At time t, Trickle transmits if and only if the counter c is less than the redundancy constant k.

When the interval I expires, Trickle doubles the interval length. If this new interval length would be longer than the time specified by Imax, Trickle sets the interval length I to be the time specified by Imax.

If Trickle hears a transmission that is "inconsistent" and I is greater than Imin, it resets the Trickle timer. To reset the timer, Trickle sets I to Imin and starts a new interval as in step 2. If I is equal to Imin when Trickle hears an "inconsistent" transmission, Trickle does nothing. Trickle can also reset its timer in response to external "events".

So my understanding of the interplay between counter c and consistency constant k is that as soon as a message is "consistent enough", transmission of the message should stop. The counter will only be reset upon receiving an inconsistent transmission.

When working with open mesh I observed that the nodes continue with their transmissions infinitely. Looking at the problem more thoroughly, I realized that the counter will be reset in the check_interval function in trickle.c, whenever the time of the call is equal to or greater than I (or trickle->i in the code).

check_interval is called on reception of a consistent(!) transmission or - basicallay - whenever vh_order_update in version_handler.c is called; which seems to be about every time any handle is received or needs to be transmitted (because of new value or timeout).

So to me it looks like the openMesh implementation of trickle does not adhere to the algorithm, because it resets the counter c at other times than specified in the algorithm. Point 6 explicitly goes back to step 2, which is the only time I understand it can happen that c is reset.

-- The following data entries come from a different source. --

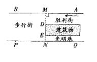 28.如图,一段街道的两边缘所在直线分别为AB、PQ,并且AB//PQ.建筑物的一端DE所在的直线MN⊥AB于点M,交PQ于点N.小亮从胜利街的A处,沿着AB方向前进,小明一直站在点P的位置等候小亮.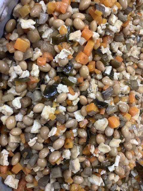 錦ヶ丘の人気メニュー五目豆。大豆は、圧力鍋で歯茎で潰せる硬さになるまで炊いています。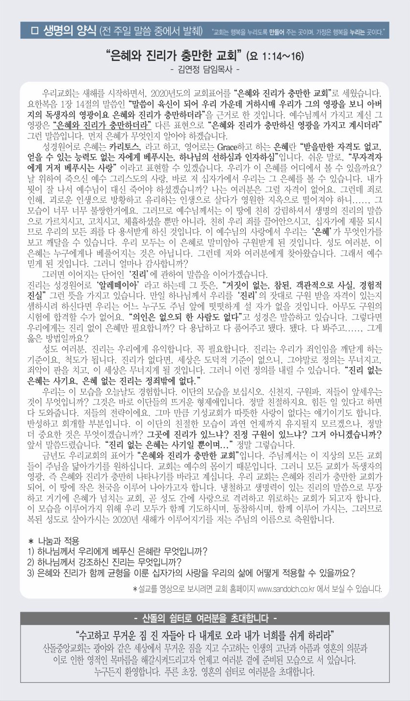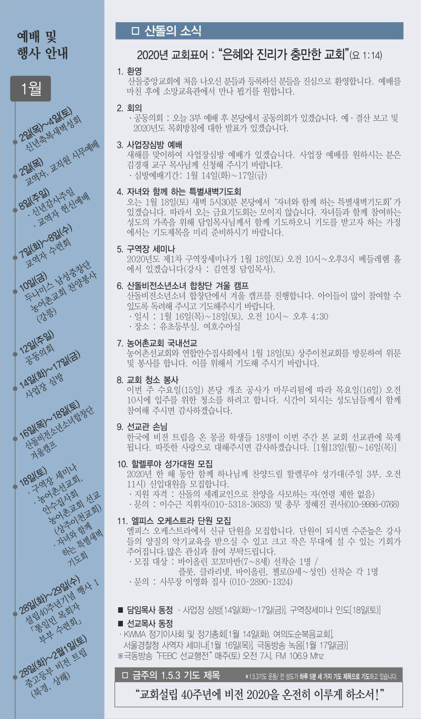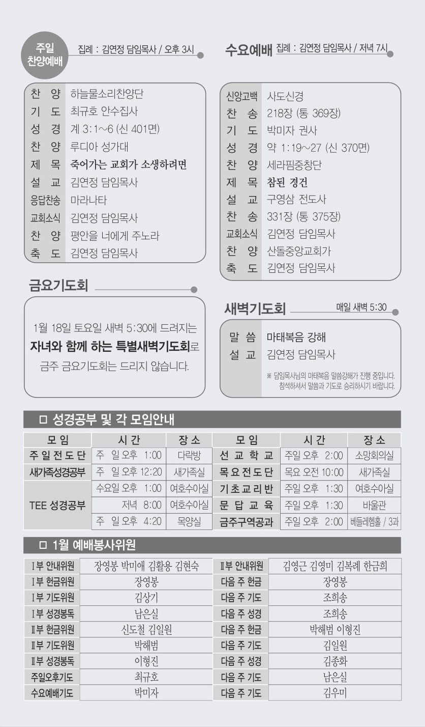 | 다음글 | 2020년 01월 05일 교회주보 | 운영자 | 2020.01.04 | 0 | 908 |

Is there a specific reason, why the counter is reset at these times or is this a bug?

Thanks for any help on this.

michaelwgnr commented 7 years ago

I would be glad if someone could answer this!

Thanks!

trond-snekvik commented 7 years ago

Hi, sorry for not responding earlier.

Your observations on the check_interval() function are correct, this function is called whenever there's any update to a trickle instance. This is to avoid having to run a separate timer for each trickle instance: Instead of executing rule 2 at the exact time of the interval expiry, we do it whenever we do the first operation on a trickle instance after the timer has expired. This saves us some ~20 bytes of memory per trickle instance and a lot of CPU cycles, but obfuscates the procedure some. So yes, check_interval() executes rule 2, but only after the interval has expired.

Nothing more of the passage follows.